ACTION ITEM: Your output must be the lines below from the line containing "角にミニキッチンがあって(ガ" to the line containing "まず、葉っぱ類を一ミリ以下の", both lines included, reproduced exactly and without pictures.

Stored records:
◆ ◆ ◆ ◆ ◆
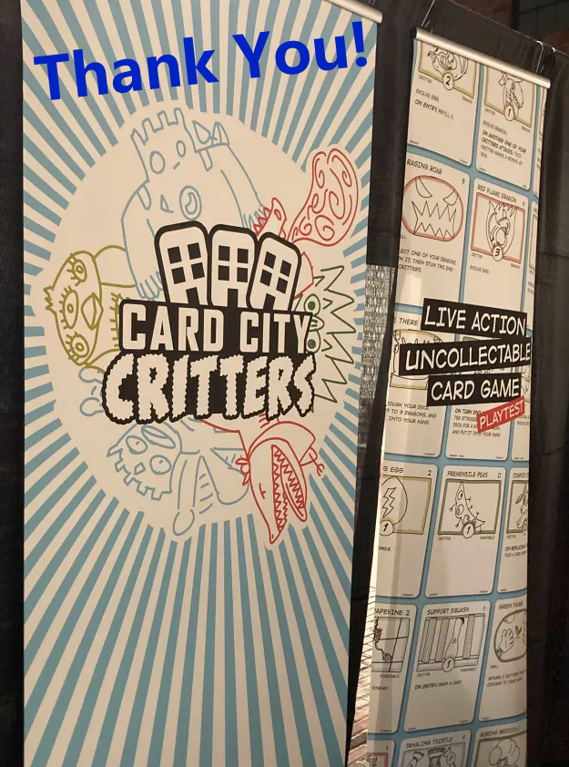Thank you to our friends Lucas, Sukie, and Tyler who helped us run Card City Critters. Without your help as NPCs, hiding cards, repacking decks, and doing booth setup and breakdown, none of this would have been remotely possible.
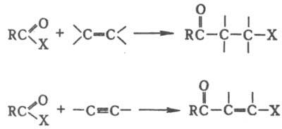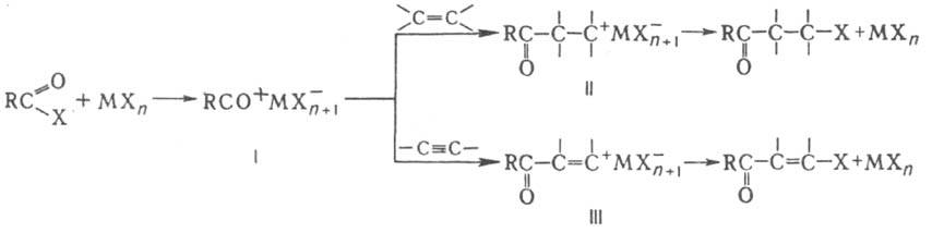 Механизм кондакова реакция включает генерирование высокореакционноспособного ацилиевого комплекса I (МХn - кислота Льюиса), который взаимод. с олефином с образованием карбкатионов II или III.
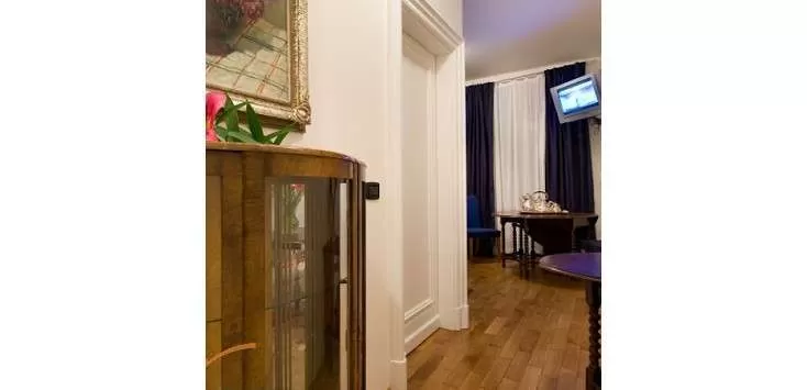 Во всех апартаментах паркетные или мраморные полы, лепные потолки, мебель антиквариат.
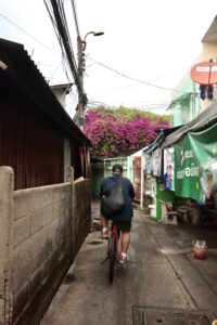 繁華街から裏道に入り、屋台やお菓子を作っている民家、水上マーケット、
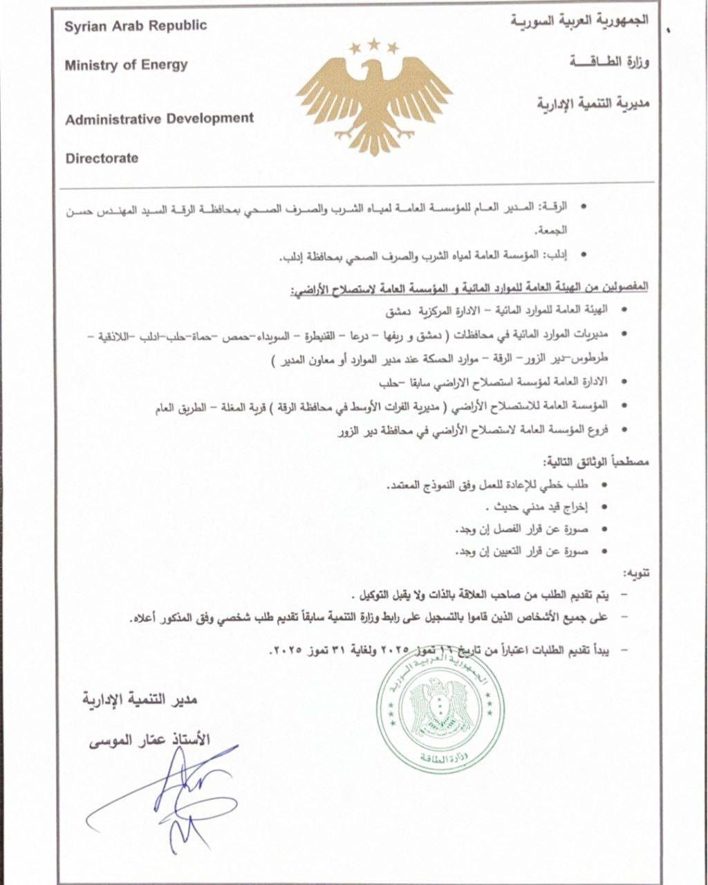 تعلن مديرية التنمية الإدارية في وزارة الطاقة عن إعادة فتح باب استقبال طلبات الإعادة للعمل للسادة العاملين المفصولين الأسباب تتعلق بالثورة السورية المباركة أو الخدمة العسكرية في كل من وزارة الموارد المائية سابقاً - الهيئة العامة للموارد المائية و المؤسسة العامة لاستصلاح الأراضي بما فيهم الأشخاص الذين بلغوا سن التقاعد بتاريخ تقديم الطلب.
◆ ◆ ◆ ◆ ◆
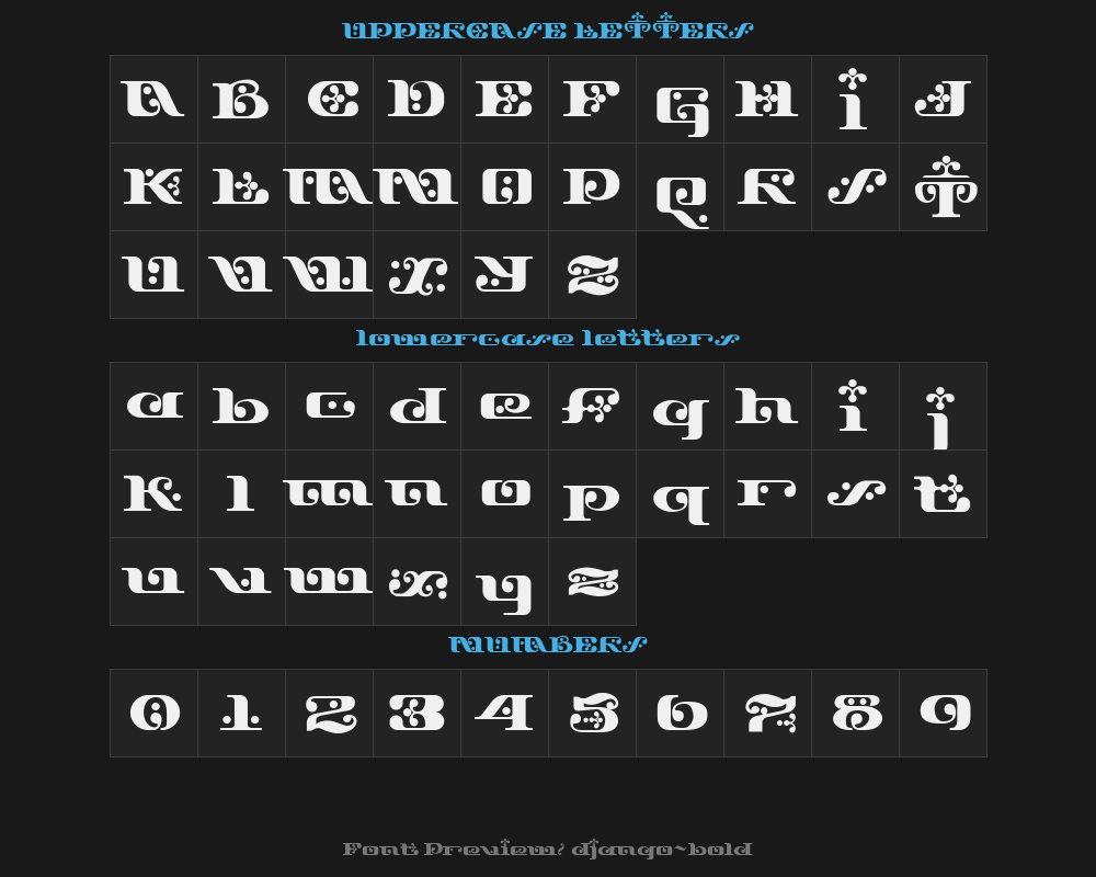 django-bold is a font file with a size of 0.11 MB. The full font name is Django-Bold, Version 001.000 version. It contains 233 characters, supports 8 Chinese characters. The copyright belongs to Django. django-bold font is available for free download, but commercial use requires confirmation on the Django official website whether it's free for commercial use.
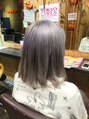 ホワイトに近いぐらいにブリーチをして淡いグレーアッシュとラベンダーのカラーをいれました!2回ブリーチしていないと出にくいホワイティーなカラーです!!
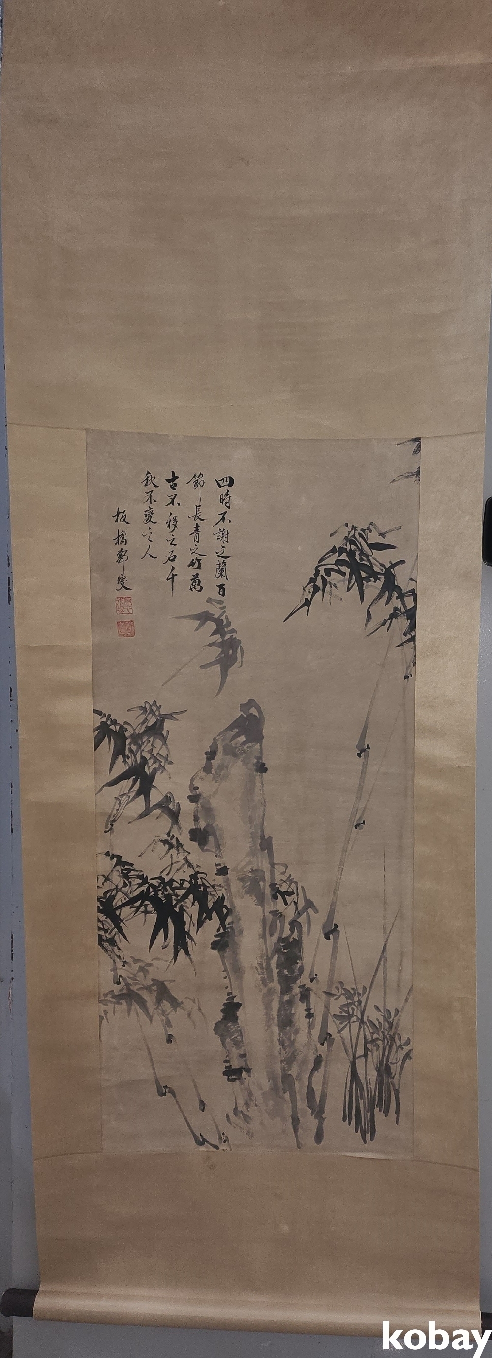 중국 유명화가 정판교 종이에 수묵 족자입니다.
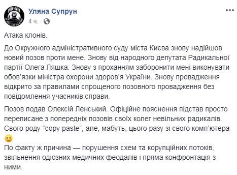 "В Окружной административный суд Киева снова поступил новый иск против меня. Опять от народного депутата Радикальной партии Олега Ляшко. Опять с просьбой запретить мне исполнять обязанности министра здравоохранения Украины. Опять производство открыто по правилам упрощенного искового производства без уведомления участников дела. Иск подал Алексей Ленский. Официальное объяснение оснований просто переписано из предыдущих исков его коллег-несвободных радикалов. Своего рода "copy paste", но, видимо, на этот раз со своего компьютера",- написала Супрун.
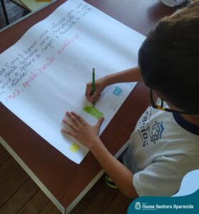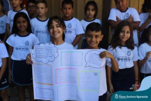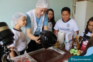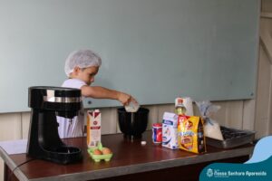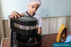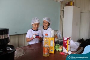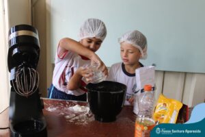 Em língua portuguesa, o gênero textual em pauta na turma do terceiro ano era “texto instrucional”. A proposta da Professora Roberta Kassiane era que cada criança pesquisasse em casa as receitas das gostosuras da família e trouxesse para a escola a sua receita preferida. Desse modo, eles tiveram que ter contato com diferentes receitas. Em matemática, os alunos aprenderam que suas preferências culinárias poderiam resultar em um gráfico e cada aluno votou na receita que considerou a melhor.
◆ ◆ ◆ ◆ ◆
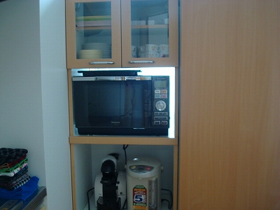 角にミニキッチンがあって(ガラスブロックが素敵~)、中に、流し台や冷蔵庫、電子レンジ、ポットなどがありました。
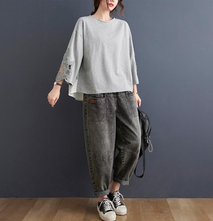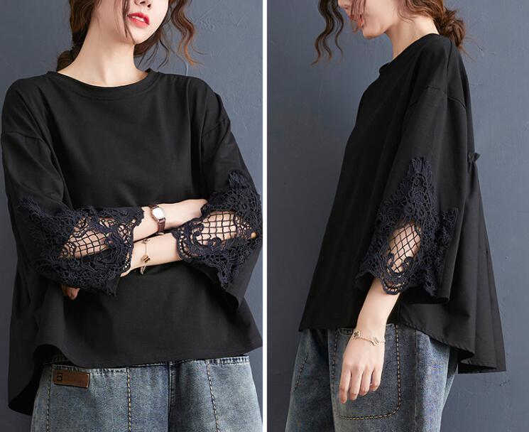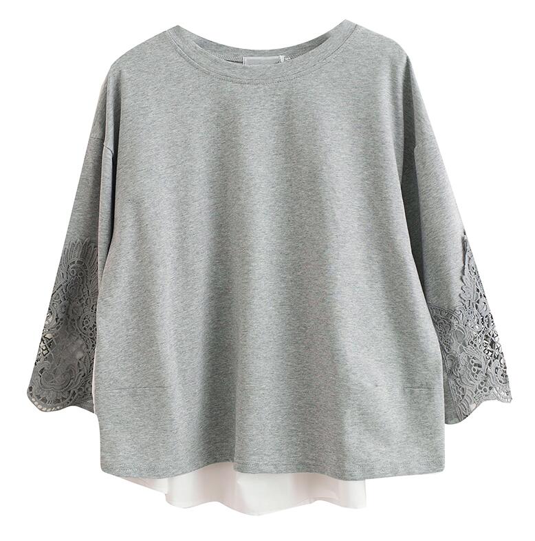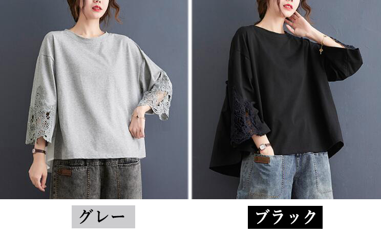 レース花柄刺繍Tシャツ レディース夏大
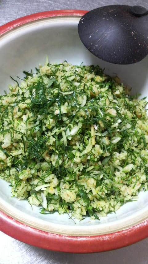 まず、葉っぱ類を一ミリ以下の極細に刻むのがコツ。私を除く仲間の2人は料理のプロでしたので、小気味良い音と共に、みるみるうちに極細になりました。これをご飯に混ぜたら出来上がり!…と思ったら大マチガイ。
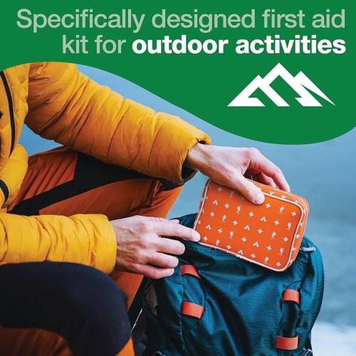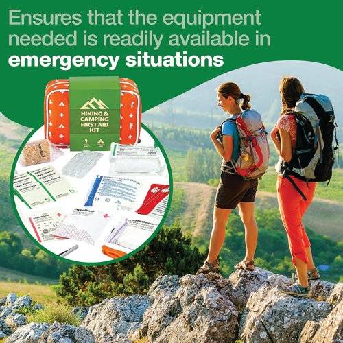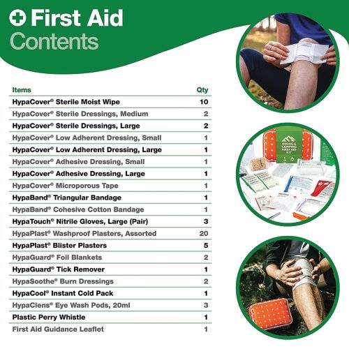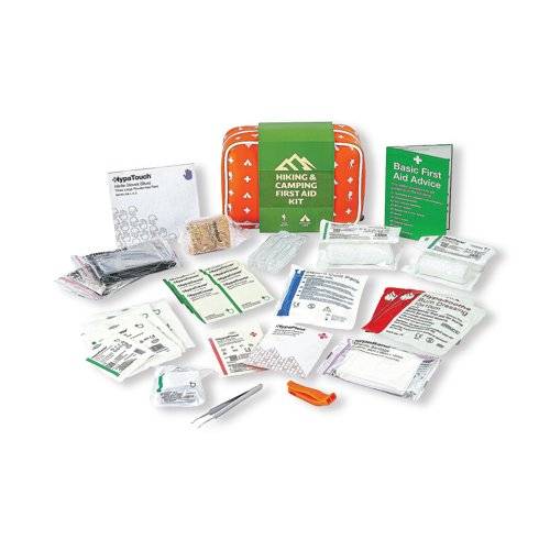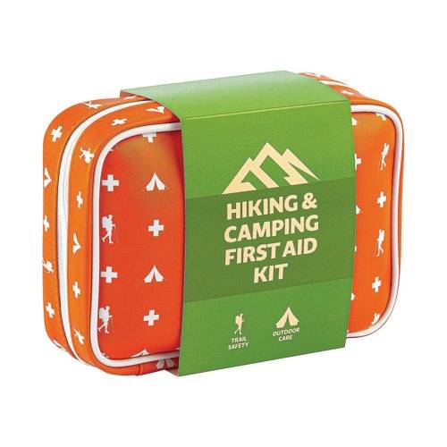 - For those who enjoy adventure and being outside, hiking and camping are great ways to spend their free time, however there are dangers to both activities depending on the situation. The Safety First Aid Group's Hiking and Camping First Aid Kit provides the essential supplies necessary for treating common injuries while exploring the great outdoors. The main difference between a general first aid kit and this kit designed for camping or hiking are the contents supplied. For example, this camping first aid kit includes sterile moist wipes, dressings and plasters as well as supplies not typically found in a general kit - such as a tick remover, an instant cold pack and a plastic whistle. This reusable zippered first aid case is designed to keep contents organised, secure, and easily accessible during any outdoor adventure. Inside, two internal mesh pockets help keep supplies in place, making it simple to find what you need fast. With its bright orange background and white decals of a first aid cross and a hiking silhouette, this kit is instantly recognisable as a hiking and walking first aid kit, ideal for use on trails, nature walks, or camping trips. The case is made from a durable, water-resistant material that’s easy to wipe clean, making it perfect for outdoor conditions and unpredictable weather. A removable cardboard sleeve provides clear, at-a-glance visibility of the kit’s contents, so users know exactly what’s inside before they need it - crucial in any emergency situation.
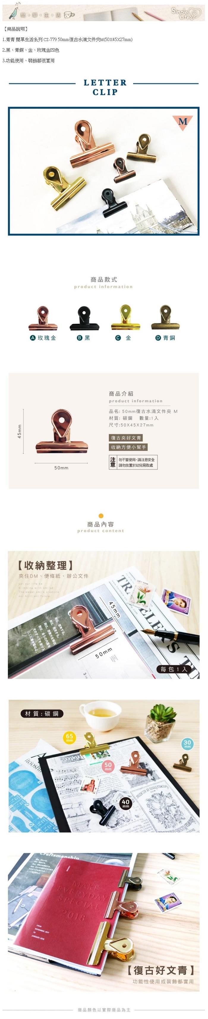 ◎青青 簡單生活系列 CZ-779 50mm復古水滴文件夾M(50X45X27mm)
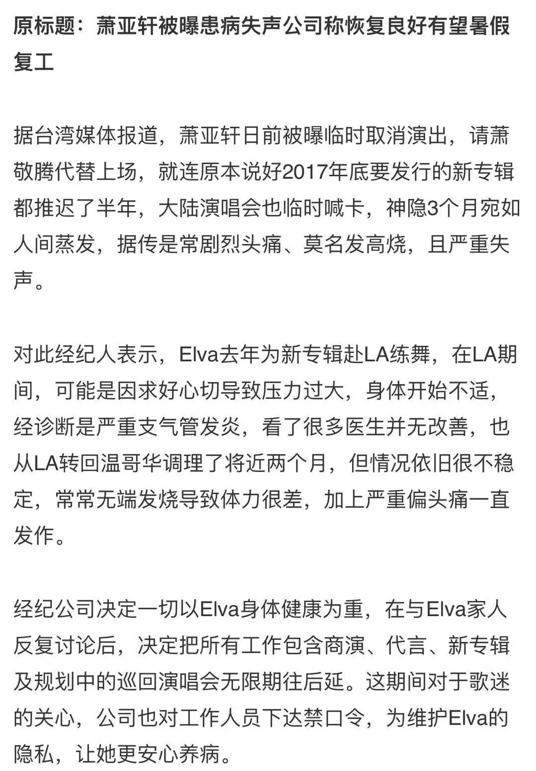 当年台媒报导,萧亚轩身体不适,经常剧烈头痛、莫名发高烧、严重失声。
◆ ◆ ◆ ◆ ◆
ANSWER TO THIS PROBLEM:
 角にミニキッチンがあって(ガラスブロックが素敵~)、中に、流し台や冷蔵庫、電子レンジ、ポットなどがありました。
 レース花柄刺繍Tシャツ レディース夏大
 まず、葉っぱ類を一ミリ以下の極細に刻むのがコツ。私を除く仲間の2人は料理のプロでしたので、小気味良い音と共に、みるみるうちに極細になりました。これをご飯に混ぜたら出来上がり!…と思ったら大マチガイ。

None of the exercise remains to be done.